◆ **EXERCISE**
Write out the data exactly, please, and omit the pictures.

◆ **COLLECTED MATERIAL**
=== Begin Enclosure ===

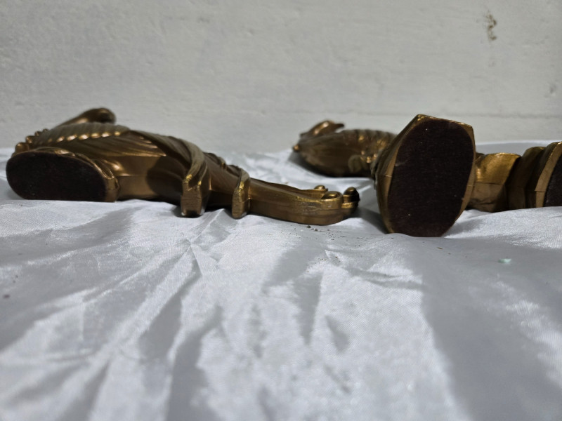 Pair of mid-century decorative sculptures crafted from gold-toned resin.
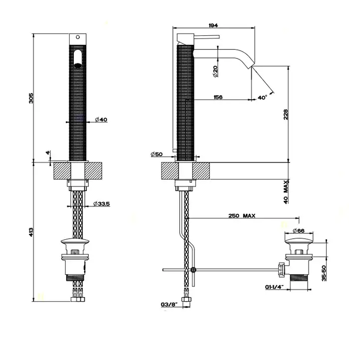 Gessi 316 Meccanica Встраиваемый смеситель для раковины, цвет: brushed black metal pvd 54290#707
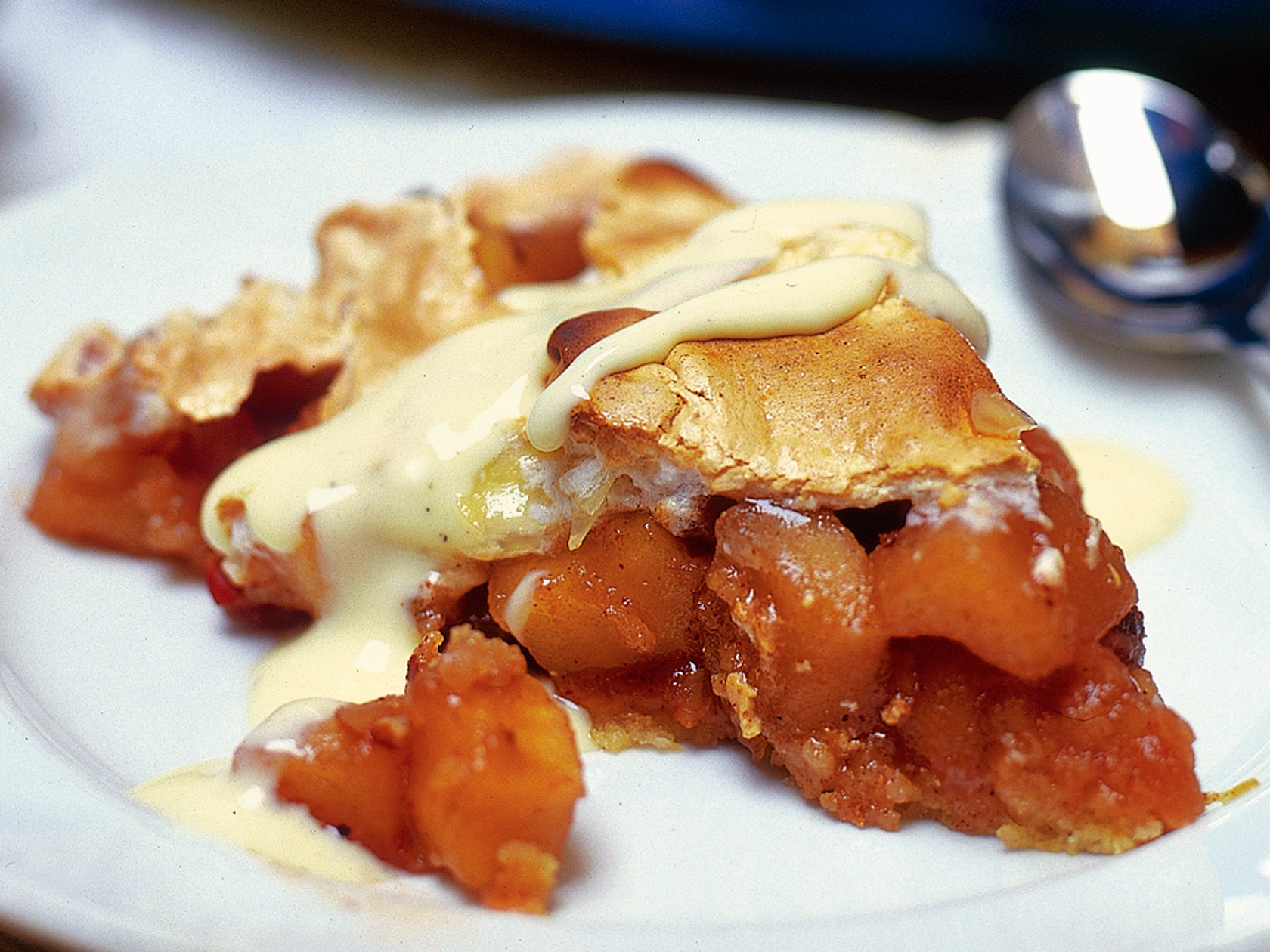 Kuumenna uuni 200-asteeseen. Sulata murotaikina pakkauksen ohjeen mukaan. Painele taikina suuren (halkaisija noin 30 cm) voidellun piirakkavuoan pohjalle ja reunoille. Kypsennä 25 minuuttia. Kuori ja kuutioi omenat. Sulata rasva kattilassa, lisää sokeri, kaneli, rusinat ja omenakuutiot. Keitä miedolla lämmöllä ilman kantta noin 15 minuuttia. Siirrä levyltä, ja lisää mantelirouhe ja halutessasi calvados. Vaahdota valkuaisia ja suolaa hetki. Lisää sokeri ja vatkaa kovaksi vaahdoksi. Lisää joukkoon mantelilastut. Kokoa omenapiiras kaatamalla omenatäyte esipaistetun piiraspohjan päälle. Päällystä mantelimarengilla. Nosta uunin lämpötila 225 asteeseen ja paista piirasta vielä noin 12 minuuttia.

=== End Enclosure ===

◆ **SOLUTION**
 Pair of mid-century decorative sculptures crafted from gold-toned resin.
 Gessi 316 Meccanica Встраиваемый смеситель для раковины, цвет: brushed black metal pvd 54290#707
 Kuumenna uuni 200-asteeseen. Sulata murotaikina pakkauksen ohjeen mukaan. Painele taikina suuren (halkaisija noin 30 cm) voidellun piirakkavuoan pohjalle ja reunoille. Kypsennä 25 minuuttia. Kuori ja kuutioi omenat. Sulata rasva kattilassa, lisää sokeri, kaneli, rusinat ja omenakuutiot. Keitä miedolla lämmöllä ilman kantta noin 15 minuuttia. Siirrä levyltä, ja lisää mantelirouhe ja halutessasi calvados. Vaahdota valkuaisia ja suolaa hetki. Lisää sokeri ja vatkaa kovaksi vaahdoksi. Lisää joukkoon mantelilastut. Kokoa omenapiiras kaatamalla omenatäyte esipaistetun piiraspohjan päälle. Päällystä mantelimarengilla. Nosta uunin lämpötila 225 asteeseen ja paista piirasta vielä noin 12 minuuttia.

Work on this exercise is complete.